MANCHESTER, Tenn. — It may be the fifth year that Middle Tennessee State University has deployed a team of multimedia communicators to cover the Bonnaroo Music and Arts Festival, yet each one is very different and unique.
About 35 students from MTSU's College of Media and Entertainment arrived Thursday at the 700-acre farm that Dean Ken Paulson calls "the Bonnaroo campus."
"There's a special vibrancy to teaching professional skills when the classroom is the Bonnaroo festival," Paulson said. "Each year students majoring in photography, journalism, audio engineering and video production have a singular learning experience that they'll never forget."
Students from all three of the college's departments are represented at this year's Bonnaroo.

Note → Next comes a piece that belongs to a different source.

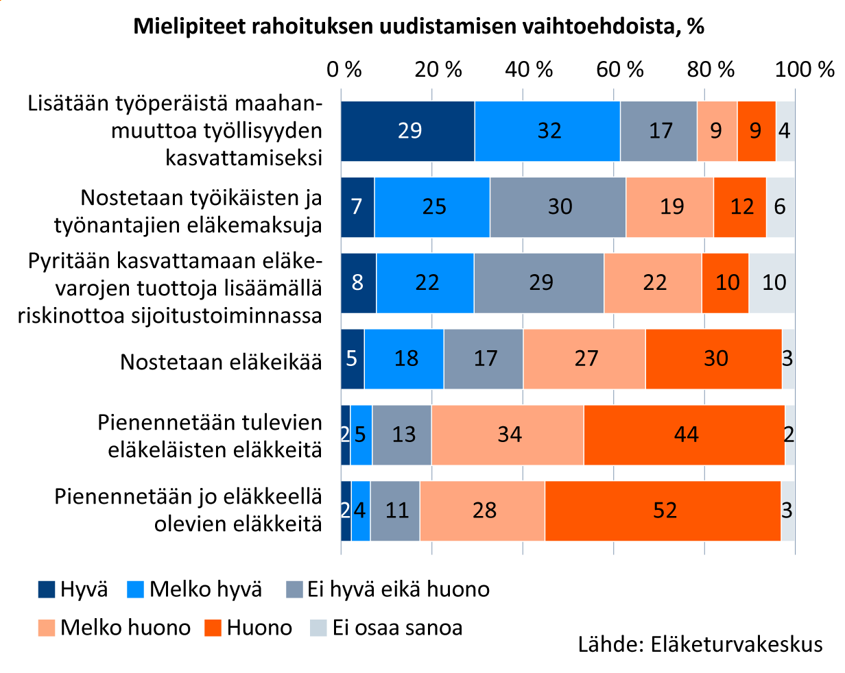 Reilut 60 prosenttia suomalaisista pitää työperäistä maahanmuuttoa hyvänä keinona, jos eläkkeiden rahoitusta pitäisi vahvistaa. Uuden Eläkebarometrin mukaan toiseksi mieluisin vaihtoehto on eläkemaksujen korottaminen. Sen sijaan nykyisten ja tulevien eläkkeiden leikkauksia vastustaa valtaosa vastaajista.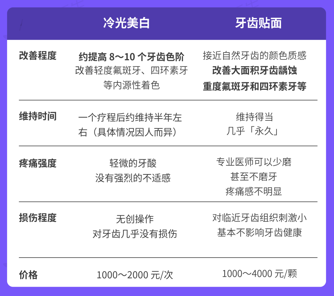 两者最大的区别之一就是,牙贴面会磨去一部分牙齿,冷光美白是作用于牙齿,不会影响牙齿自身的形态。

Video and film production and photography majors from the Department of Media Arts and audio production majors from the Department of Recording Industry will be capturing performance of emerging artists on Bonnaroo's Who Stage, while multimedia majors from the School of Journalism and Strategic Media will be covering acts for area media outlets.
MTSU students Andrew Stephens, left, senior, and Austin Forsberg, junior, both video film production majors in the College of Media and Entertainment, prepare a camera Thursday, June 7, for use on the Who Stage at the 2018 Bonnaroo Music and Arts Festival in Manchester, Tenn. (MTSU photo by Andrew Oppmann)
"The classroom education is the start," said Journalism Director Greg Pitts, "but Bonnaroo is the hands-on next step for experiential learning, where students interview, write, report and meet newsroom deadlines."
One such student is Megan Cole, a sophomore double majoring in journalism and political science, who joins the team tapped by MTSU's Seigenthaler News Service to file artist interview and music reviews for a media client list that includes USA Today Network-Tennessee.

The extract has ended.